We talked a bit about the weather.
"Better here than there," he said. It was a prescient observation. We're not only used to wind and hurricane-forced winds on the Anchorage Hillisde; we're prepared for them and nature has adapted to them. In the forest on most of the Hillside now, the weak trees have already fallen, long ago flattened by winds. Witness how different it when heavy winds lashed the Anchorage Bowl earlier this year. Tens of thousands were left without power. Damages, which are still being totalled, went into the millions of dollars.
People unfamiliar with winds up over 70 mph don't know how to prepare. Hint: Take your deck furniture indoors. The wind will pick it up and toss it around. If you are lucky, it will merely take out the rails on your deck and not injure someone. And it is the same for anything that isn't tied down. My neighbors have had boats tossed by the wind, fifth-wheel campers tossed by the wind; pickup campers ripped out of the beds of pickups by the wind. And they have learned how to deal with this.
One, at any report of strong winds, now parks his recreational vehicle sideways in the lee of his house. Others lash their expensive recreational toys to the ground. And still, when it gets really bad, everyone knows to stay indoors because there's still no telling what could be blowing around outside: Tree limbs, garbage cans, parts of the roof ripped off someone's house.

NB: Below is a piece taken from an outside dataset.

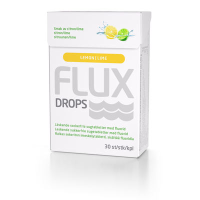 Flux drops eru frískandi munsogstöflur sem örva munnvatnsframleiðslu. Töflurnar valda ekki glerungseyðingu og innihalda flúor.

When I got to thinking about that, it was pretty scary to think of what it was like when Sandy hit densely-packed urban neighborhoods on the East Coast, some of which probably weren't designed for hurricane force winds either. It was pretty obvious someone was going to end up dead, and they did. It's equally obvious the damage was going to climb into the billions.
One could only hope that "hurricane clips" on rafters are part of building codes everywhere now.
A wind gust here of 79 mph is no big thing. We've gone over 110 mph. A wind gust of 79 mph at JFK International Airport in New York is a different matter. Mother Nature is not to be taken for granted. Alaskans, though the vast majority of them now live comfortable urban lives, still probably have a better sense of that than people on the East Coast. As the neighbor said, "Better here than there."
But there's not much we can do to change that.